# Working with Data:
### New York City 311 Requests Made in 2021

`311_Service_Requests_2021.csv` contains data on all Service Requests (SR) made to NYC's 311 in the first half of January, 2021. Select fields have been retained, as described below. Full data are available at https://data.cityofnewyork.us/Social-Services/311-Service-Requests-from-2010-to-Present/erm2-nwe9


### This Notebook
Contains working code and examples of basic data analysis. Remember: There is more than one correct way to code! This solutions guide is intended to help if you get stuck, but your code doesn't have to be implemented a certain way.


### Data Fields:

`Unique Key`: Unique identifier of a Service Request (SR) in the open data set

`Created Date`: Date SR was created

`Closed Date`: Date SR was closed by responding agency

`Agency`: Acronym of responding City Government Agency

`Agency Name`: Full Agency name of responding City Government Agency

`Complaint Type`: This is the first level of a hierarchy identifying the topic of the incident or condition. Complaint Type may have a corresponding Descriptor (below) or may stand alone.

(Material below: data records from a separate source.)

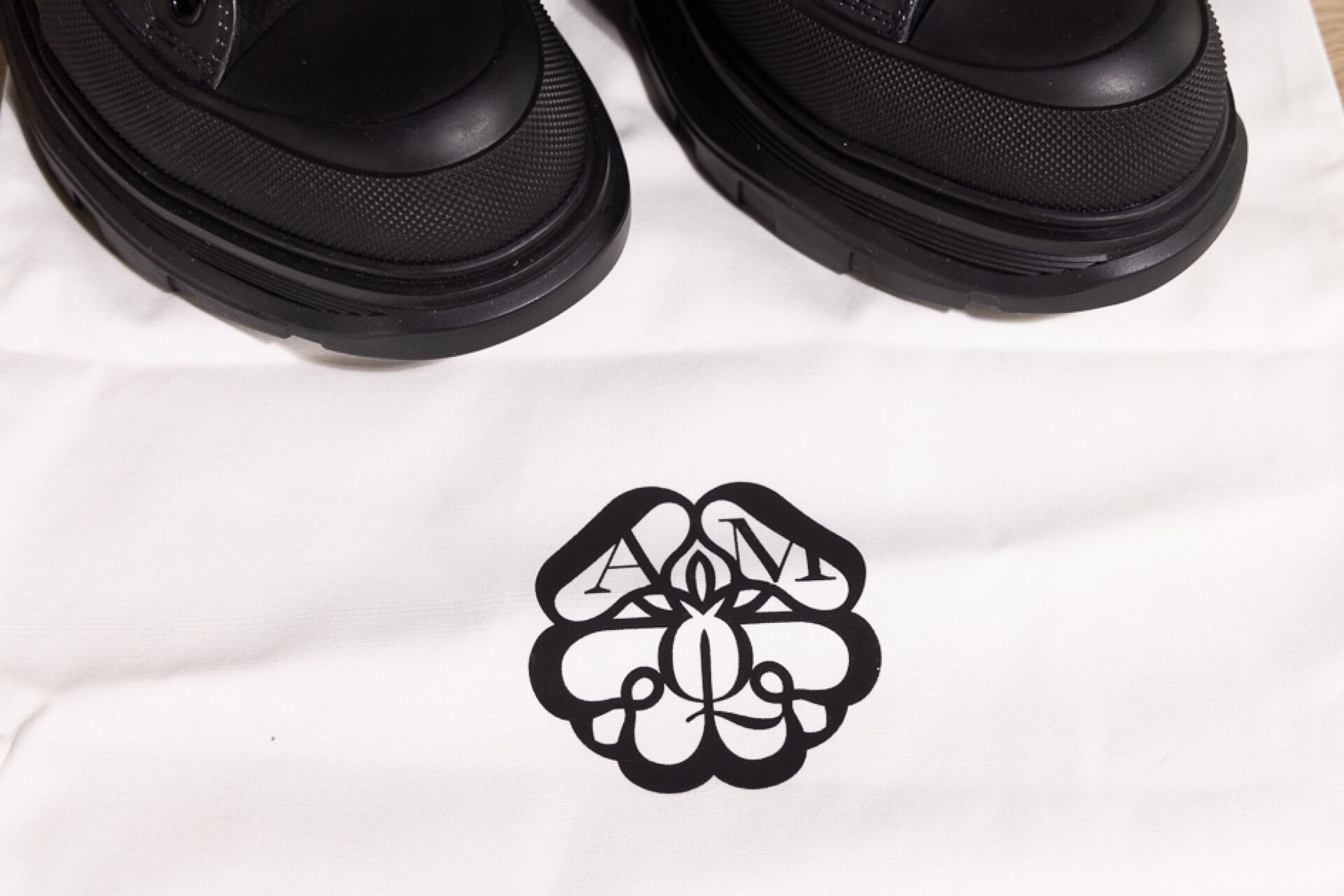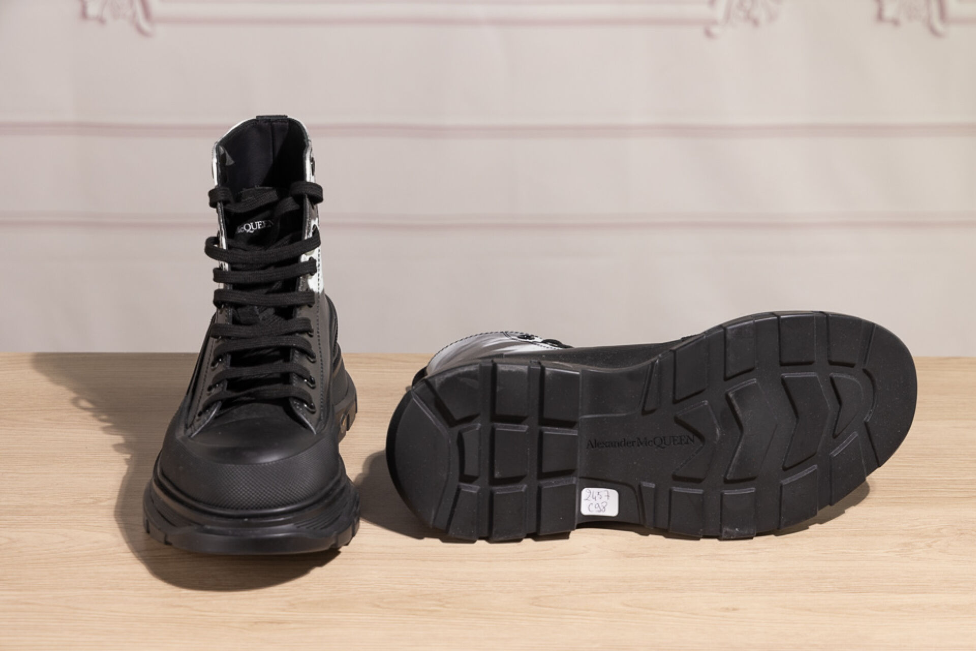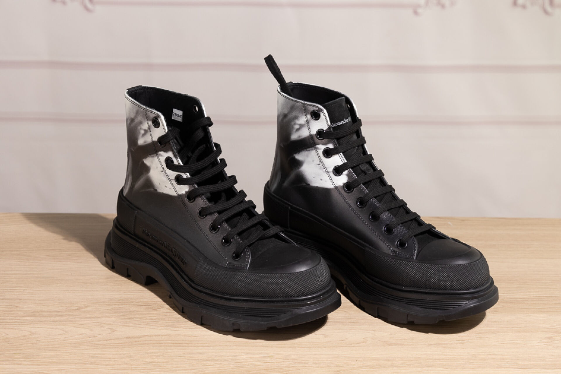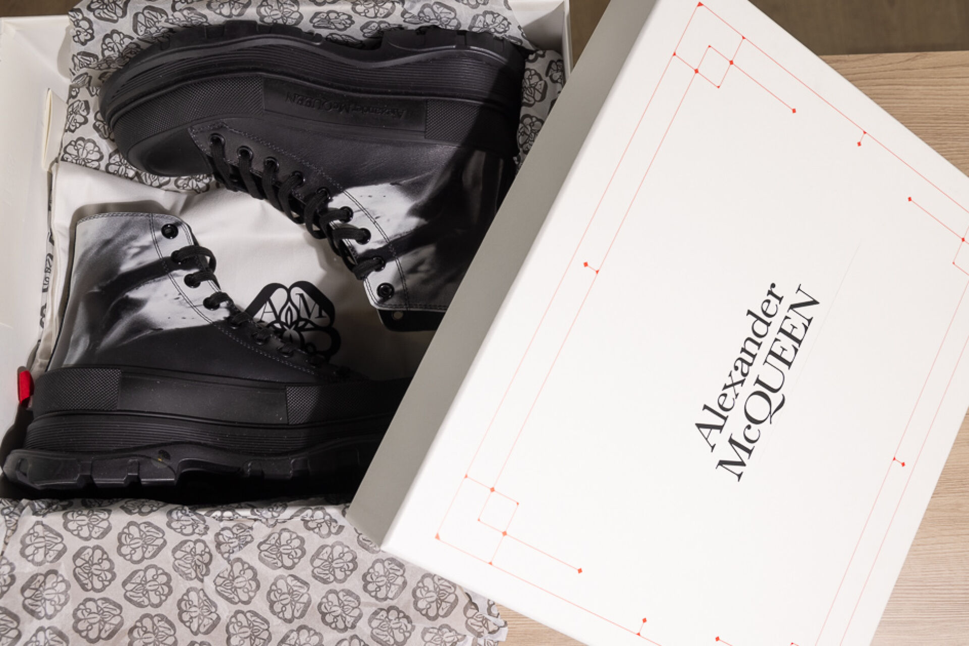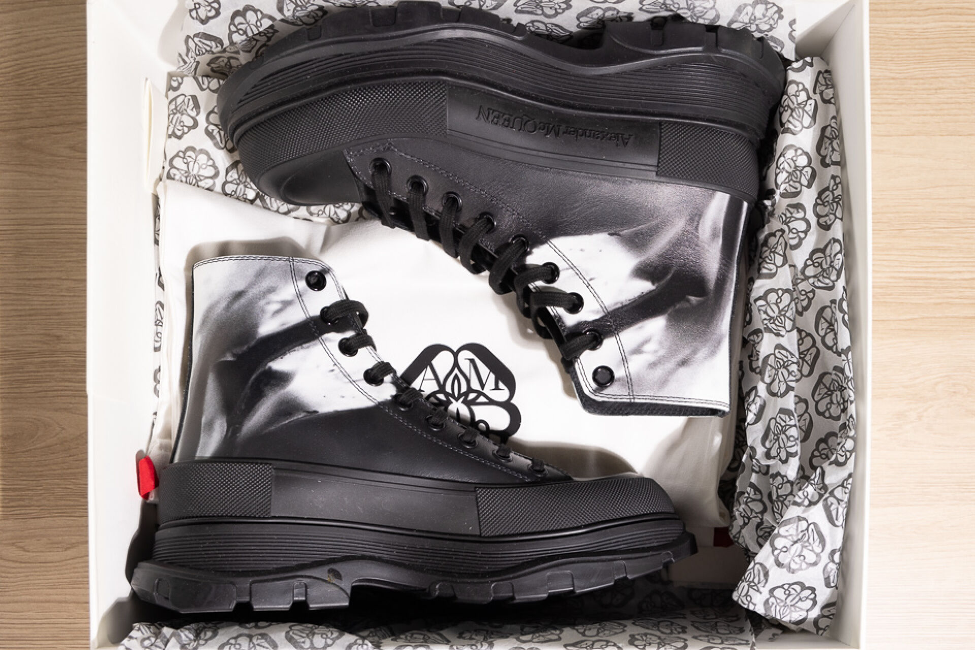 ALEXANDER McQUEEN - Paire de boots à lacets en cuir noir marbré blanc, lacets, importantes semelles à la couleur. Dans leur boite. Pointure Non portées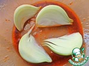 Луковицы нарезать дольками на манер яблока.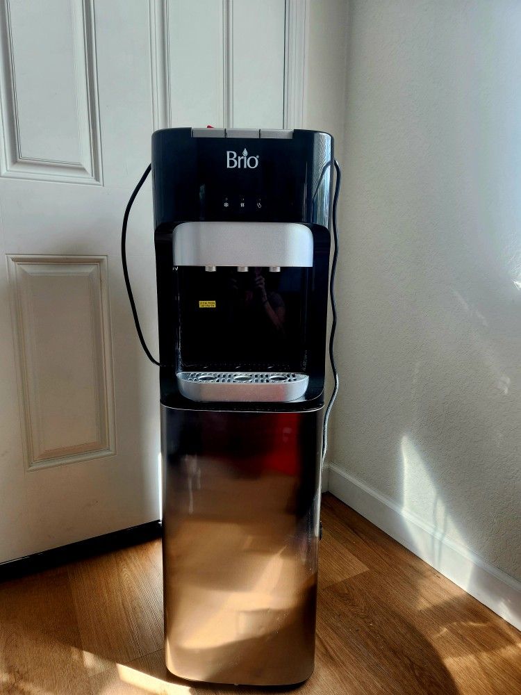 Gently used and in great condition* -BOTTOM LOAD WATER COOLER DISPENSER: Water cooler dispenser for 5 gallon bottles. The cabinet fits either a 3- or 5-gallon jug bottle. -HOT, COLD & ROOM-TEMPERATURE WATER: Three temperature settings allow you to customize your drinking experience. The Brio Essential hot and cold water dispenser features hot, cold, and room-temperature functions.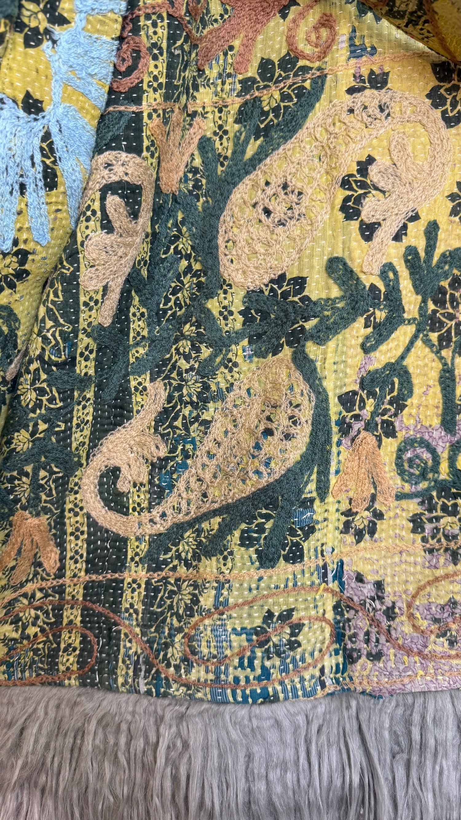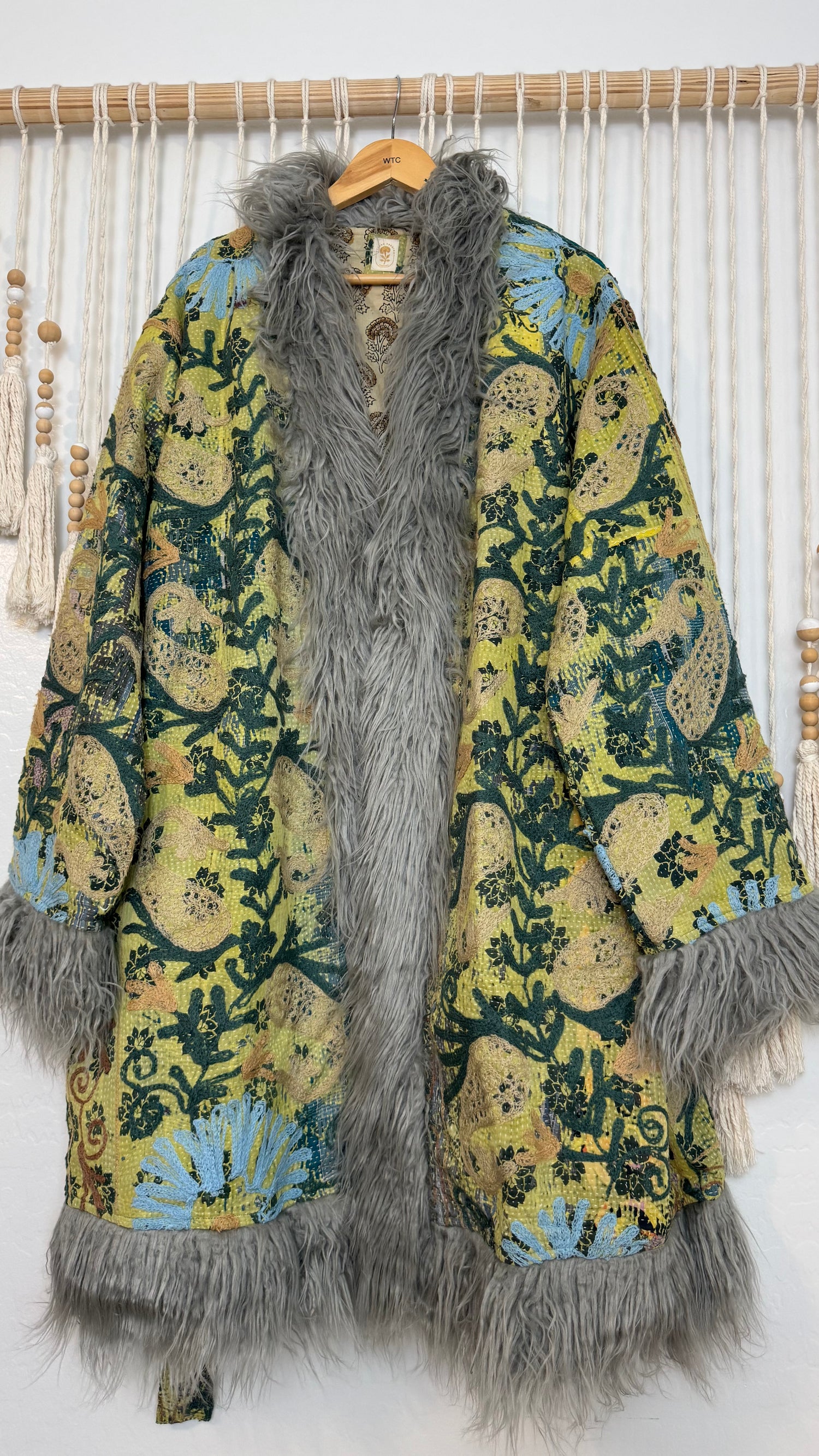 • 100% vintage cotton kantha saris, premium faux fur, and hand block printed cotton lining.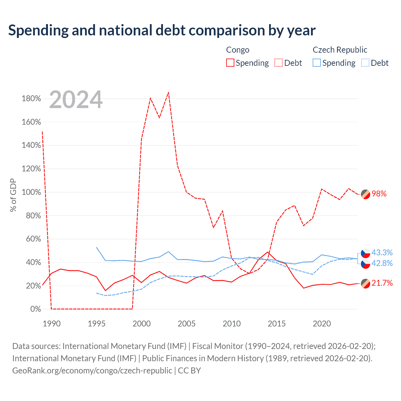 The Congo has $15.4B in government debt (98% of GDP), compared to $150B (43.3% of GDP) in the Czech Republic.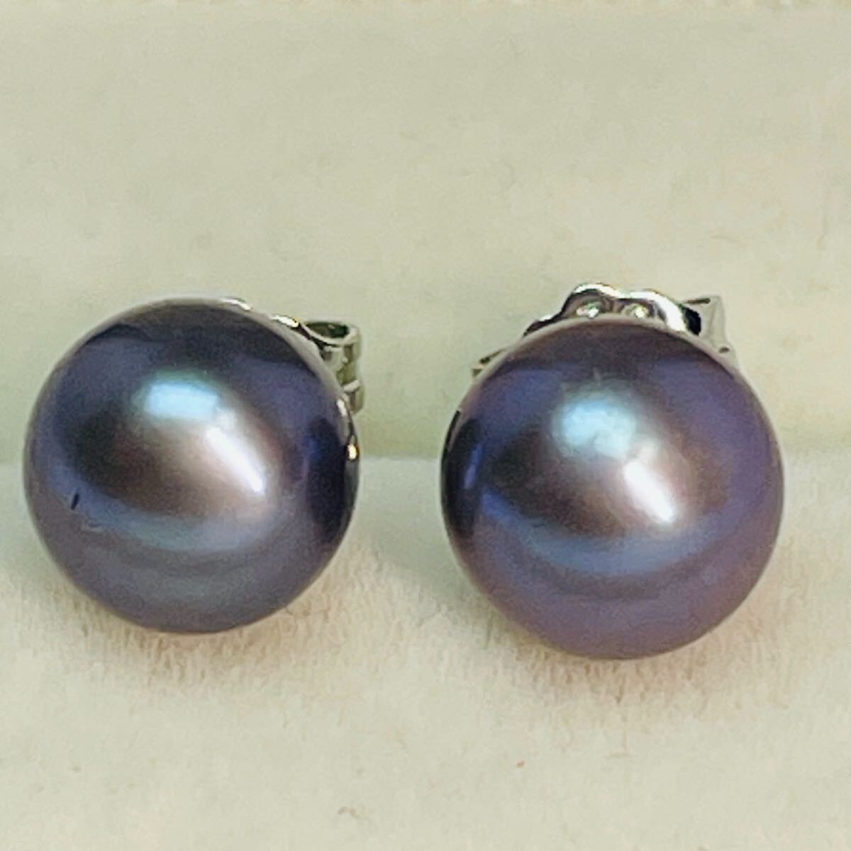 - 本真珠 ピアス 黒真珠 パール 7-8mm直結 照り良く 発色抜群 冠婚葬祭 大粒 jewelry ジュエリー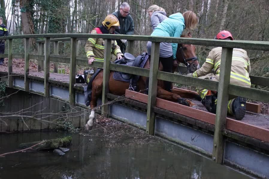 Een aantal ruiters ter paard willen het bruggetje oversteken nabij de Oude Bocholtsebaan. De eerste ruiter komt ten val, doordat het paard uitgleed over de gladde brug. De ruiter kon op tijd van het paard afspringen. Het paard kwam door de val klem te zitten met een been en moest door de brandweer worden bevrijdt. Een dierenarts heeft het dier ter plekke verdoofd en behandeld.

`Descriptor`: This is associated to the Complaint Type, and provides further detail on the incident or condition. Descriptor values are dependent on the Complaint Type, and are not always required in SR.

`Location Type`: Describes the type of location used in the address information

`Incident Zip`: Incident location zip code, provided by geo validation.

`Address Type`: Type of incident location information available.

`City`: City of the incident location provided by geovalidation.

`Landmark`: If the incident location is identified as a Landmark the name of the landmark will display here

`Facility Type`: If available, this field describes the type of city facility associated to the SR

`Status`: Status of SR submitted

`Due Date`: Date when responding agency is expected to update the SR. This is based on the Complaint Type and internal Service Level Agreements (SLAs).

`Resolution Description`: Describes the last action taken on the SR by the responding agency. May describe next or future steps.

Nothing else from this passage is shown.